This is not an electrolytic process. The acids used in this combination and quantities allows for the silver to be dissolved but not the base metal by simple immersion. It will strip any where the acid can reach. The silver is recovered from solution by adding HCl in small amount until no more silver chloride forms. The silver chloride settles quickly. Much faster than it would from an AR solution or even nitric acid solution. If the process is done correctly, all of the nitric acid is consumed in the process. The sulfuric acid can be reused by heating the sulfuric acid and evaporating back to the starting volume. This removes any excess liquids from the nitric acid or HCl. Personally, I don't filter. I decant as low as possible. The silver chloride tends to make some nice solid clumps instead of a fine powder.


----------



## Yggdrasil (Nov 22, 2021)

What concentrations are you using?
Regards Per-Ove


----------



## snoman701 (Nov 22, 2021)

Geo said:


> Cyanide is not for the beginner for certain and I found that trying to make some gold plating solution on my own, cyanide is hard to get without jumping through some hoops.
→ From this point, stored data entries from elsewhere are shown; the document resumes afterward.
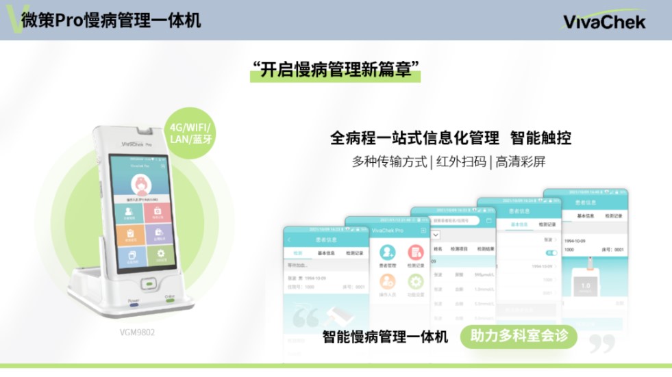 作为青海卫健委推进信息化慢病管理项目的技术支持方,微策生物以微策云、NB-IoT 5G 血糖仪和院内一体机产品形成整体解决方案,将患者端与医生端实时紧密连接,以信息化手段提高慢病管理效率。院内采用操作简便的一体机,方便医护人员快速上手使用;与HIS(医院信息系统Hospital Information System)充分对接,数据回传,减少医护人员誊抄工作量;深度数据分析,可自动生成检测日报,方便各科室协同管理;更有可视化的智慧大屏,患者信息和慢病数据一目了然,方便医院全面监管。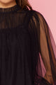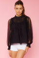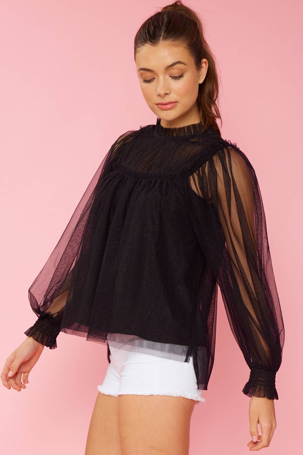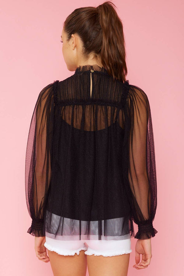 Elevate your evening look with this show-stopping tulle blouse featuring a ruffled neckline and subtle sparkle that catches the light just right. The sheer black overlay creates an airy, romantic vibe, while the built-in satin camisole keeps you covered in style. A chic keyhole back with button closure adds that perfect touch of drama. Dress it up with our Reba Wide Leg Pants for sophisticated elegance, or pair it with the Shine Bright Slip Skirt for a dazzling night out. Pure magic in every wear.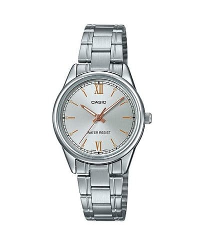 El Casio LTP-V005D-7B2 combina el brillo del acero con detalles dorados que aportan calidez y sofisticación. Su esfera plateada con números romanos equilibra modernidad y tradición, convirtiéndolo en una pieza versátil que realza atuendos ejecutivos o de ocasión.
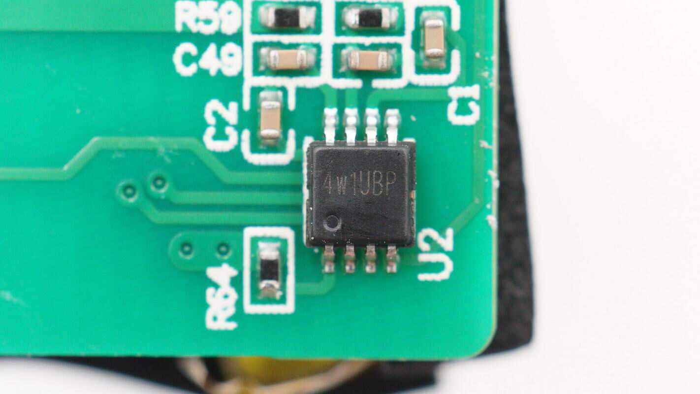 将青稞绝缘纸撕下后,可以看到整块电池保护板,上面焊接有锂电保护芯片与锂电保护管以及均衡电路。电芯与保护板之间通过镍片点焊连接,而电池保护板跟PCBA模块之间通过顶部大面积焊盘焊接。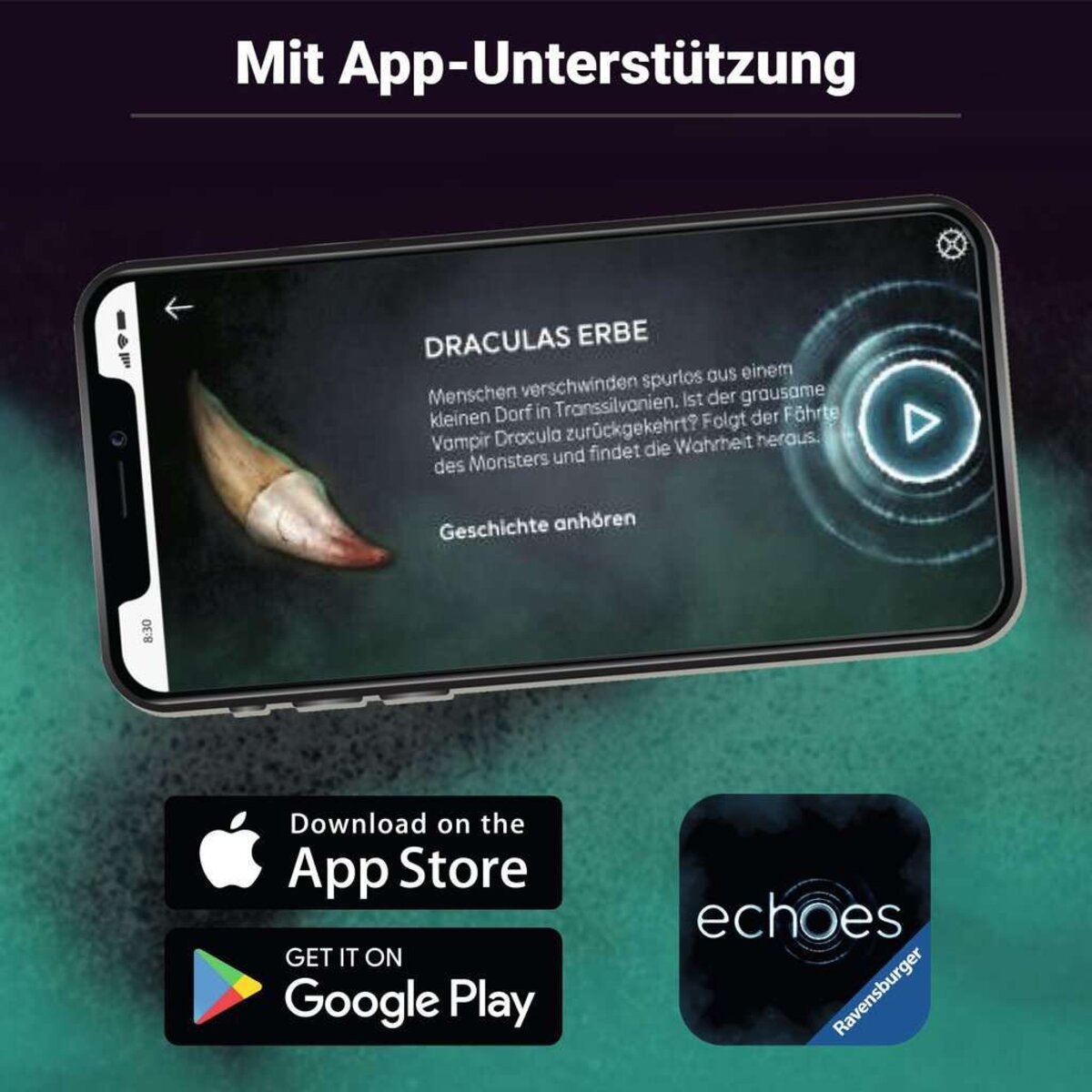 Menschen verschwinden spurlos aus einem kleinen Dorf in Transsilvanien. Ist der grausame Vampir Dracula zurückgekehrt? Die Spieler nehmen die Fährte des Monsters und versuchen, die Wahrheit herauszufinden.echoes ist ein einzigartiges, kooperatives Audio Mystery Spiel. Die Spieler hören mithilfe der kostenlosen Ravensburger echoes App mysteriöse Geräusche und Stimmen, die mit den Kartenmotiven verbunden sind. Gemeinsam bringen sie die 24 Teile der Geschichte in die richtige Reihenfolge, um den Fall zu lösen.Die kostenlose Ravensburger echoes App wird zum Spielen benötigt. Im Lauschen-Modus der App können die Spieler die Sounds abspielen. Im Lösen-Modus überprüfen die Spieler jeweils vier Karten auf ihre Reihenfolge, um Kapitel für Kapitel zu lösen. Zum Schluss müssen die Spieler die gesamte Geschichte in die richtige Reihenfolge bringen, um den Fall zu lösen.Für ein optimales Spielerlebnis mit Kamera-Erkennung wird ein Gerät mit folgenden Anforderungen benötigt: Mindestens iPhone 6s mit iOS 12.0 oder neuer / Android-Gerät mit mindestens Android 7.0 und kompatibel mit den Google-Play-Diensten für AR (Diese können auf manchen Geräten nachträglich installiert werden). Falls das Gerät diese nicht erfüllt, kann per manueller Eingabe gespielt werden.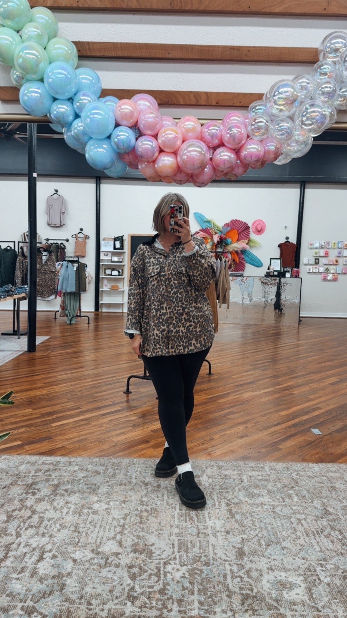 The West End Leopard Shirt brings wild style to your everyday wardrobe. This brown leopard button-down features a striking black collar that frames your face perfectly, while functional detailed pockets keep your essentials close. Whether you're channeling retro vibes or making a bold fashion statement, this piece proves that animal print never goes out of style. Layer it, tuck it, or wear it open—versatility meets attitude in one seriously cool top.

Well, unless you are buying it by the pallet it seems.


It's also not cheap enough to be worthwhile unless you are buying it by the pallet quantity (you can get it by the barrel reasonably cheap). Quite a bit of cyanide is destroyed in the process. Then on top of it you have the cost of disposal. 

None of the things we do are exactly environmentally friendly, but because of the inherent dangers of cyanide, the restrictions in apprehension make it harder to work with for "under the radar" precious metal recovery.


----------